Hey guys, I'm new here so forgive me if I'm posting in the wrong place. 

I'm planning on upgrading from an Olympus e410 to a Canon Rebel T1i soon. I've shot with the e410 for about two years now and there are a few things that I am not happy with. The 4/3 mount lenses are very expensive, and recently I've noticed how noisy my images are. Mainly, I'm looking for better image quality and after doing some research the T1i seemed like a reasonable upgrade for the price. 
Would this switch make a difference, or should I go for something better?


----------



## Garbz (Jun 12, 2011)

The canon will definitely be a step up in quality camera wise. Its the only thing you can expect when you replace a nearly 5 year old camera with something more current. Lens wise.... Well Olympus are expensive for a reason. They have some of the outright nicest lenses there is. Though the camera should be compatible with any 4/3rds lens and cheaper ones are available. Expect the kit lens on the T1i not to be as good as the E-410. Especially if you had that 14-42. Man that's a focusing system so smooth it puts Canon's and Nikon's pro lines to shame. 

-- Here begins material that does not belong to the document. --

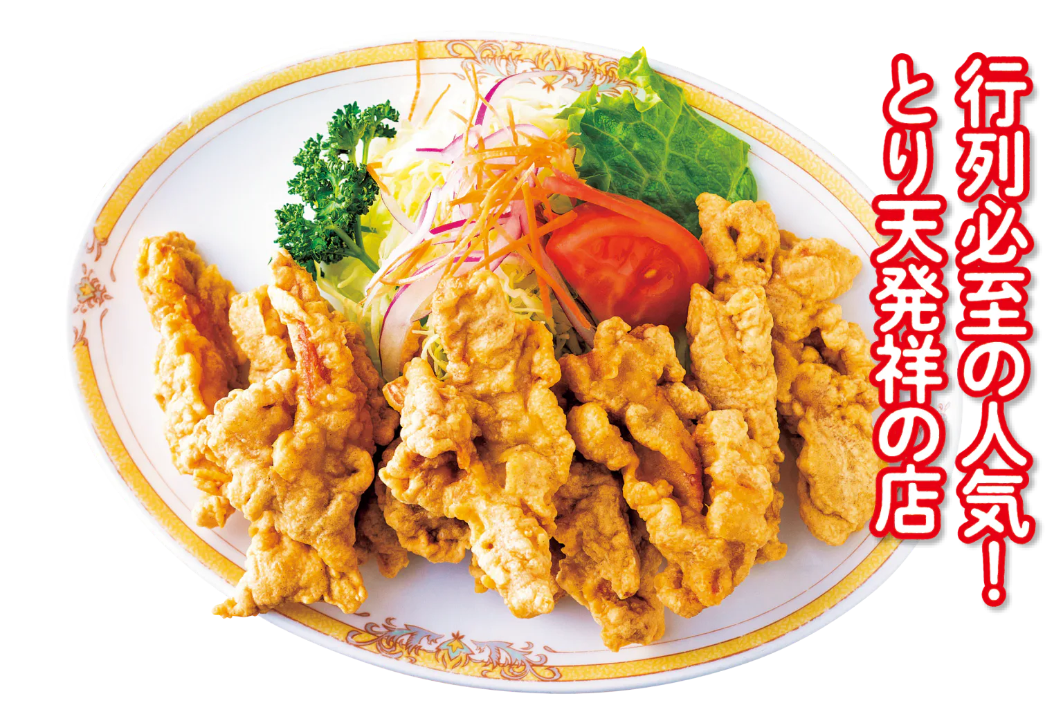 とり天は、帝国ホテルの料理人だった創業者が中華風唐揚げをヒントに考案したもの。国産にこだわる鶏モモ肉を包む衣は、新鮮な卵と家伝の醤油で仕上げたサクサク食感。鶏肉は皮を剥いでいるためさっぱりヘルシー。大正15年(1926)創業。芸能人のファンも多い。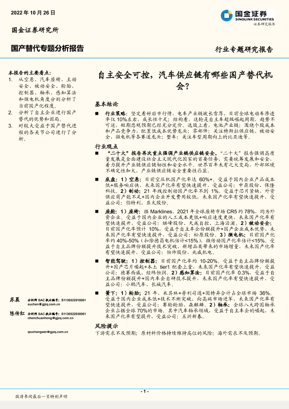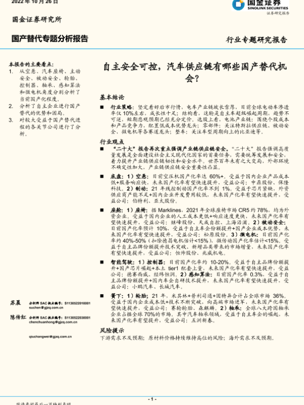 【国金证券】【20221026】汽车行业国产替代专题分析报告:自主安全可控,汽车供应链有哪些国产替代机会?-38页

Olympus make entry level cameras on budgets with a huge step up in cost to go beyond. They also make small stuff. If you're interested in moving to a midrange but no interested in ultimately spending a lot of money on your hobby the switch to Canon or Nikon would likely be a good idea (now before you buy lenses  ). Also note that you will take a large step up in size for the equivalent of everything. Olympus make the smallest DSLRs in the industry and some of the smallest 4/3rds lenses to match. It may come as a shock when you first pick up another camera so I suggest you go to a photo store and do that too rather than just blindly buying a T1i. It'll make your change smoother.


----------



## Don Kondra (Jun 12, 2011)

You haven't mentioned how much you have invested in lenses ?

If it is substanial perhaps you should consider a used E-3 or E-30.  They are running ~ $650 - 700 for a low shutter count unit.

I moved from a E-510 to a new E-30 and then purchased a used E-3.

Both cameras have much better iso performance.

The E-510 was problematic shooting over iso 400, I have my auto iso at 800 on the E-3 and 1000 on the E-30. 

In both cases the noise filter on a raw image if necessary handles any noise. 

Just food for thought 

Cheers, Don


----------